Podcast: Dr. Deming's ‘Wake-up Call’ for Unwilling Management
“Adopt the new philosophy. We are in a new economic age. Western management must awaken to the challenge, must learn their responsibilities, and take on leadership for change.” – Dr. W. Edwards Deming’s second point for management transformation.
“As time passes, the rules of the game change, yet people are often stuck with the old playbook,” says Dr. Mohamed Saleh at the start of this episode of Behind the Curtain: Adventures in Continuous Improvement.
With that statement, Saleh reflects on what comes to his mind when he thinks about Deming’s second point for management transformation, one of 14 points outlined in the thought leader’s 1982 book Out of the Crisis.
John Dyer describes the second point as “Dr. Deming’s wake-up call,” noting that “it should be flashing in neon lights.”
In this episode of Behind the Curtain, podcast cohosts Dyer and Saleh continue their exploration of Deming’s 14 point for management, with a focus on the second point: Adopt the new philosophy.
The old philosophy, they explain, is the traditional hierarchical management system where leaders give orders and the workforce blindly follows them.

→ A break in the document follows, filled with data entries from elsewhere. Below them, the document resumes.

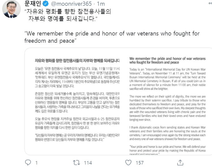 또한 문 대통령은 이날 오전 11시 부산 유엔기념공원에서 열리는 추모식과 관련해 "국민들도 각자의 자리에서 11시부터 1분간 추모묵념에 동참한다면 그 숭고함이 더욱 빛날 것"이라며 참여를 당부했다.
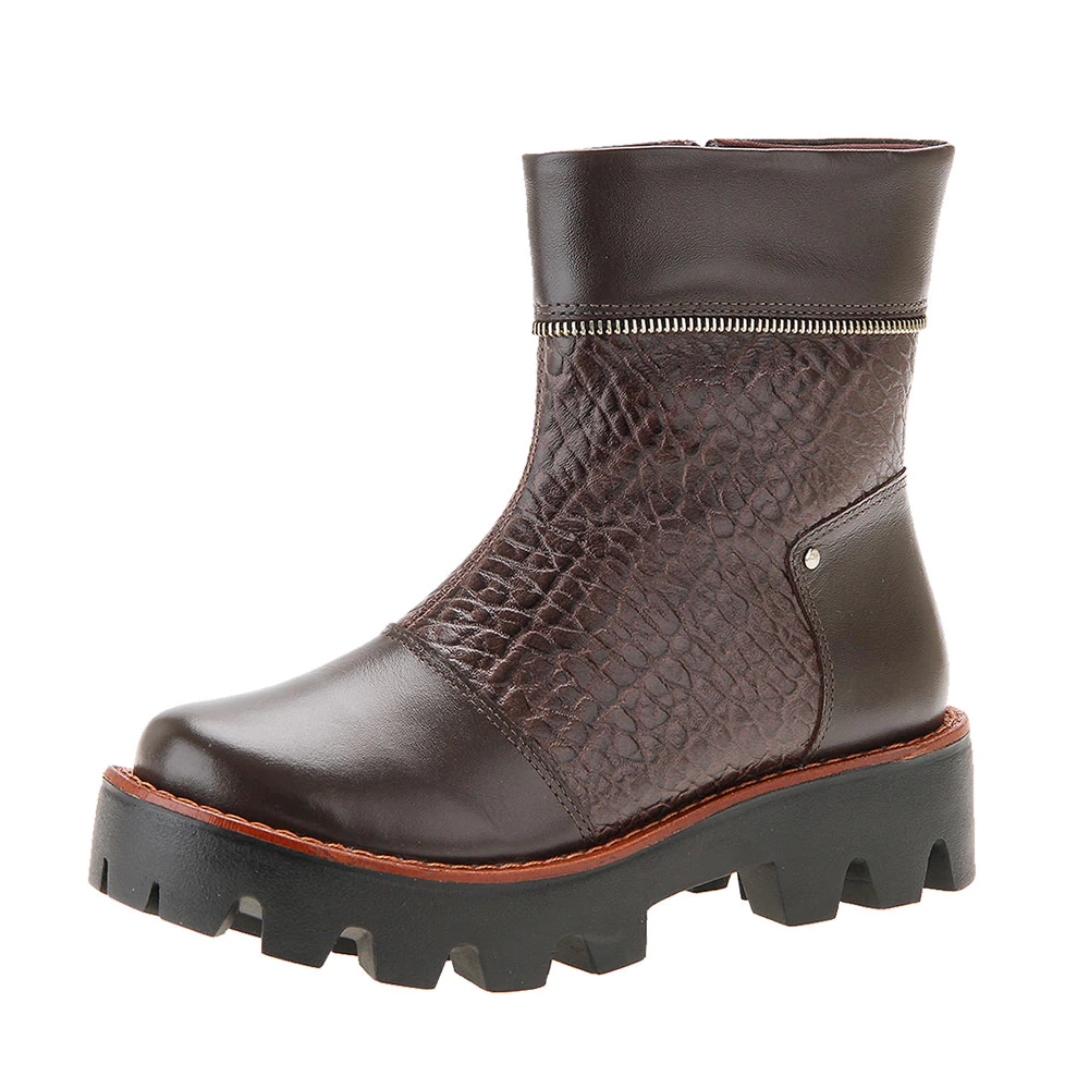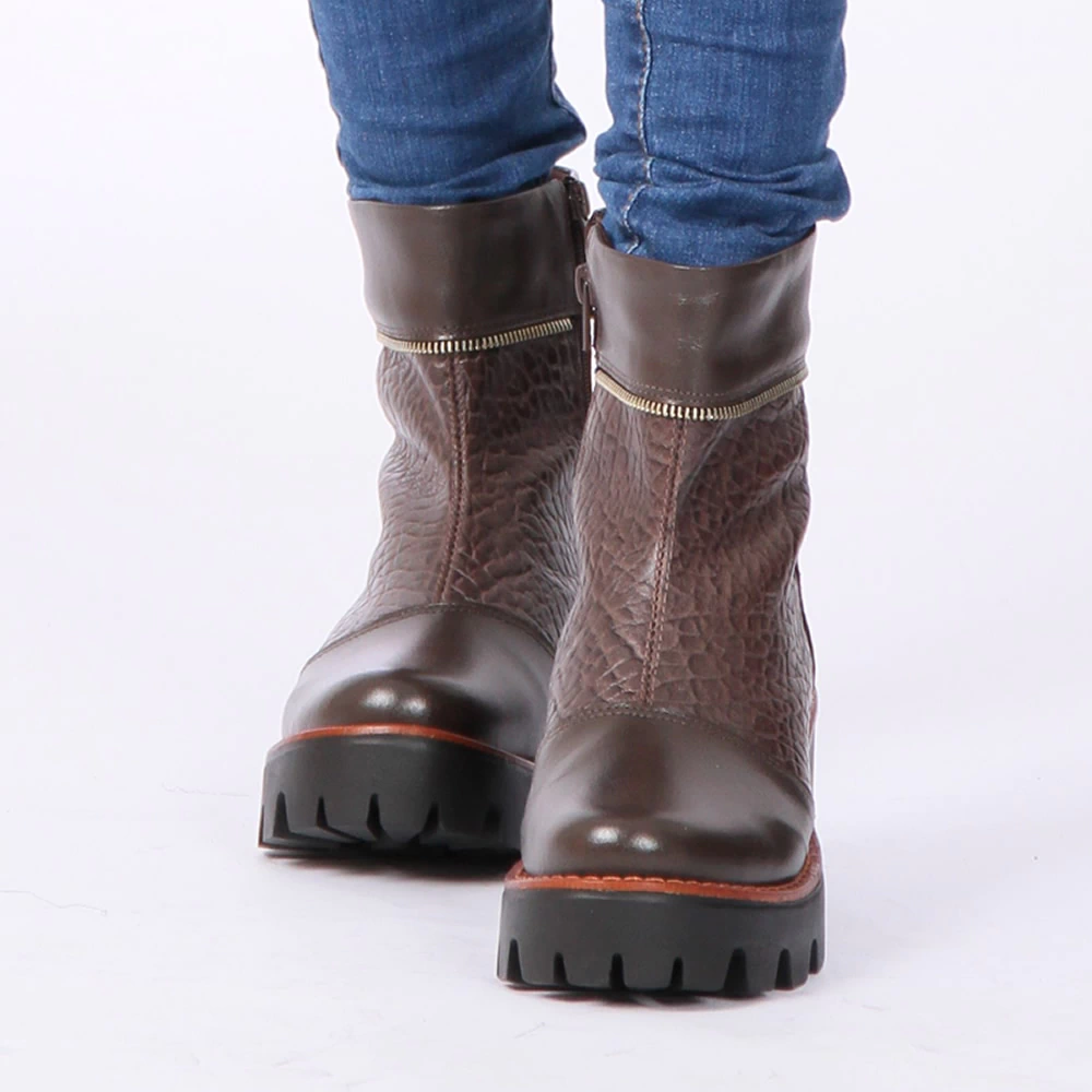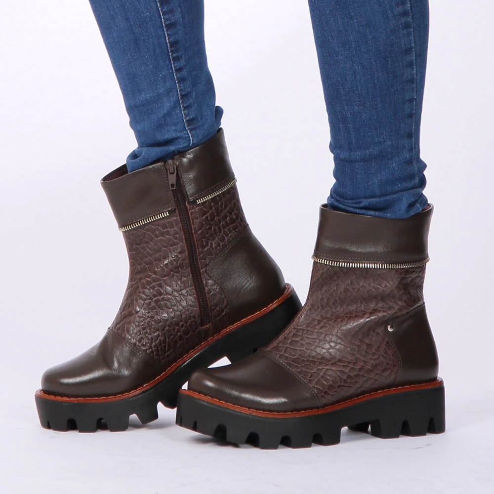 Uma Bota Coturno Feminina produzida toda em Couro Natural na cor Café, e com uma textura croco, que imita a pele de um crododilo.
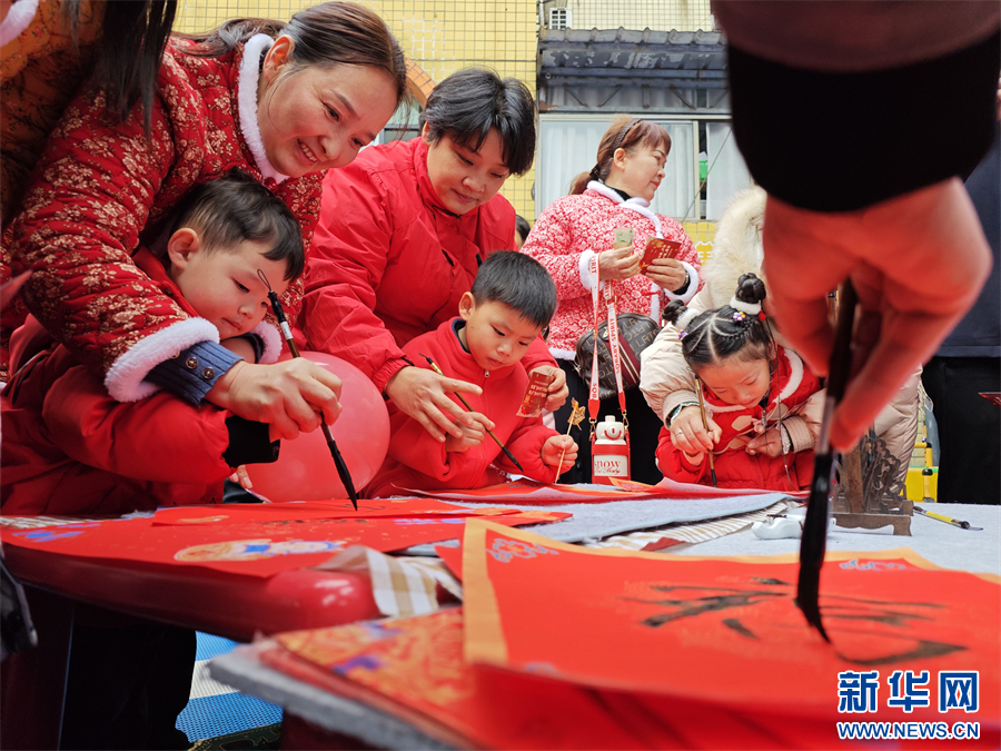 12月29日,在赤水市市中幼儿园,亲子体验写对联,一起迎接新年。新华网发(张浪 摄)
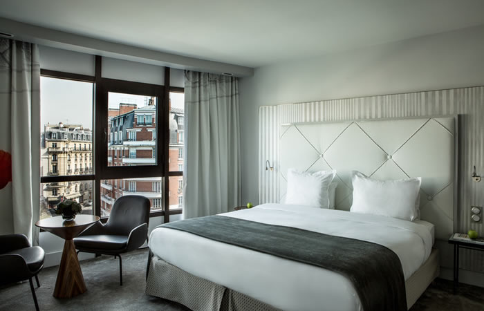 酒店設有可欣賞艾菲爾鐵塔的窗戶,晚上非常迷人。
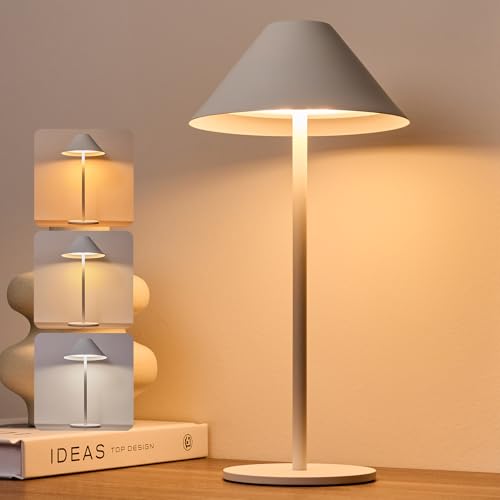Bojim LED bordslampa, 3 färger lampett trådlös IP54 vattentät för utomhusbruk, touch switch vit LED skrivbordslampa med uppladdningsbart batteri för sovrum bar restaurang bord deco camping

The new and improved philosophy puts worker know-how and team-based continuous improvement at the center of operational excellence.
The podcast hosts discuss the context during which Deming made the statement: It was during the 1970s, when Japanese companies had transformed their product quality from very bad to just the opposite, while U.S. firms floundered. They also discuss how its meaning remains relevant today.
Dyer and Saleh also:
- Stress the need for leadership commitment and engagement. “How you're going to adopt a new philosophy starts with you, and so if you're a CEO, or if you're a GM, or if you're a vice president, you all have to walk the walk and understand the philosophy that you're going to be changing,” Saleh says.
- Emphasize that simply copying tools is not enough. Organizational transformation is about changing the culture. Saleh describes it as the difference between a tools-based architecture versus a principles-based philosophy.
- Discuss Toyota, the standard-bearer for team-based excellence. Dyer questions whether its philosophy is faltering internally, at least in U.S. plants.
“If you don't embrace point number two, the rest of the points probably won't happen,” Dyer concludes.